- Requirement
Only one stretch of the data below is wanted: the lines starting at the one with "本站讯【通讯员吴爽】为解决学" and ending at the one with "Litet vintage strykjärn med grön handtag", both included, given again exactly.

- Entries shown
┄┄┄┄┄┄┄┄┄┄┄┄┄┄┄┄┄┄┄┄

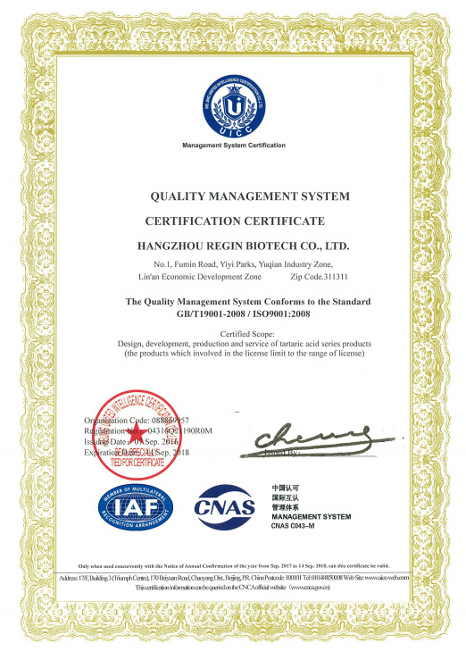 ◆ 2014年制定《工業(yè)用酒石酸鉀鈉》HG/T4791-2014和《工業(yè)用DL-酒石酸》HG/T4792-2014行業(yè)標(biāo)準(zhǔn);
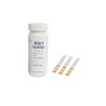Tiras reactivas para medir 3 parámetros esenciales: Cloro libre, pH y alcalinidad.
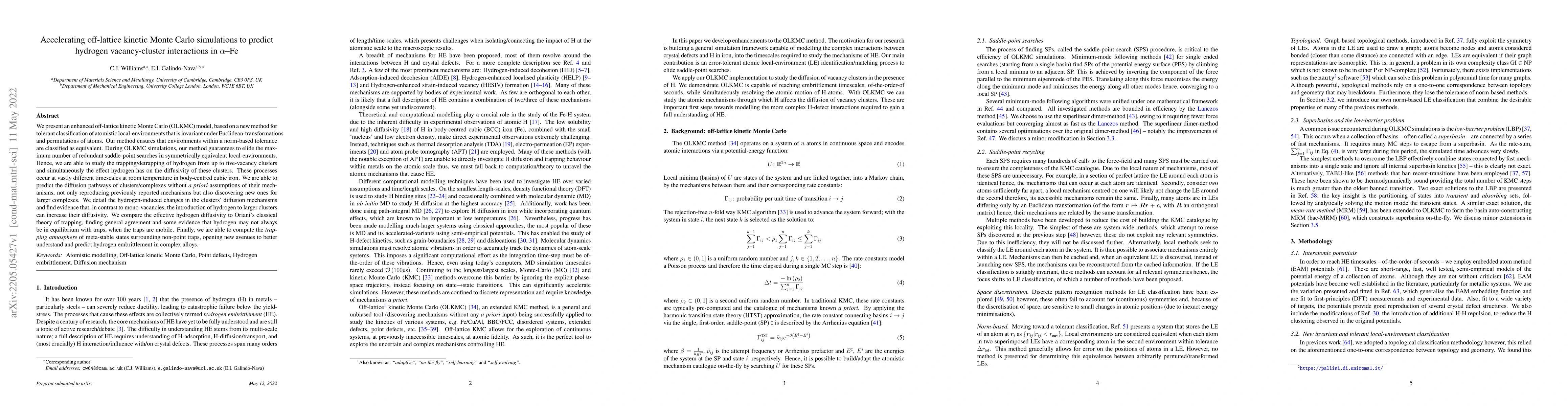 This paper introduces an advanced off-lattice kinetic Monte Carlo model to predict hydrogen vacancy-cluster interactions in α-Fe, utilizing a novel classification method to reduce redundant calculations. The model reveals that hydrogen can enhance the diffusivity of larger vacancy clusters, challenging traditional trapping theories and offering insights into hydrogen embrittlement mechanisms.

┄┄┄┄┄┄┄┄┄┄┄┄┄┄┄┄┄┄┄┄

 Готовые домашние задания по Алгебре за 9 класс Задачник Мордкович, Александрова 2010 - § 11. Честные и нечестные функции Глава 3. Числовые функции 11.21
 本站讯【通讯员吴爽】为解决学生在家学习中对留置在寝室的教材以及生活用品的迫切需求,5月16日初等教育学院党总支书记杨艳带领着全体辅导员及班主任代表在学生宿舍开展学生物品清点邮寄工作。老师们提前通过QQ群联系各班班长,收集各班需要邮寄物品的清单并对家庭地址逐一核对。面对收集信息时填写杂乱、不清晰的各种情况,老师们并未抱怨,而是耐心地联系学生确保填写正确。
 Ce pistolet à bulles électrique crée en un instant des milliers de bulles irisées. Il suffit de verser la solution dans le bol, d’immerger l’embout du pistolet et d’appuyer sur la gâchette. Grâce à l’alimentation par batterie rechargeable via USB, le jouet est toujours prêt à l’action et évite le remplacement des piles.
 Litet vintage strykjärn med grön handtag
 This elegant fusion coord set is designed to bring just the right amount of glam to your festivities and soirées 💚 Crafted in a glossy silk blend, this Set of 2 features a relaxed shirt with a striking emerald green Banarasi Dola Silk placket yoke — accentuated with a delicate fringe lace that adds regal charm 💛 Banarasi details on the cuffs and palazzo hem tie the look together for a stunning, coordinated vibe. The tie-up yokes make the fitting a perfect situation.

┄┄┄┄┄┄┄┄┄┄┄┄┄┄┄┄┄┄┄┄

- Exercise response
 本站讯【通讯员吴爽】为解决学生在家学习中对留置在寝室的教材以及生活用品的迫切需求,5月16日初等教育学院党总支书记杨艳带领着全体辅导员及班主任代表在学生宿舍开展学生物品清点邮寄工作。老师们提前通过QQ群联系各班班长,收集各班需要邮寄物品的清单并对家庭地址逐一核对。面对收集信息时填写杂乱、不清晰的各种情况,老师们并未抱怨,而是耐心地联系学生确保填写正确。
 Ce pistolet à bulles électrique crée en un instant des milliers de bulles irisées. Il suffit de verser la solution dans le bol, d’immerger l’embout du pistolet et d’appuyer sur la gâchette. Grâce à l’alimentation par batterie rechargeable via USB, le jouet est toujours prêt à l’action et évite le remplacement des piles.
 Litet vintage strykjärn med grön handtag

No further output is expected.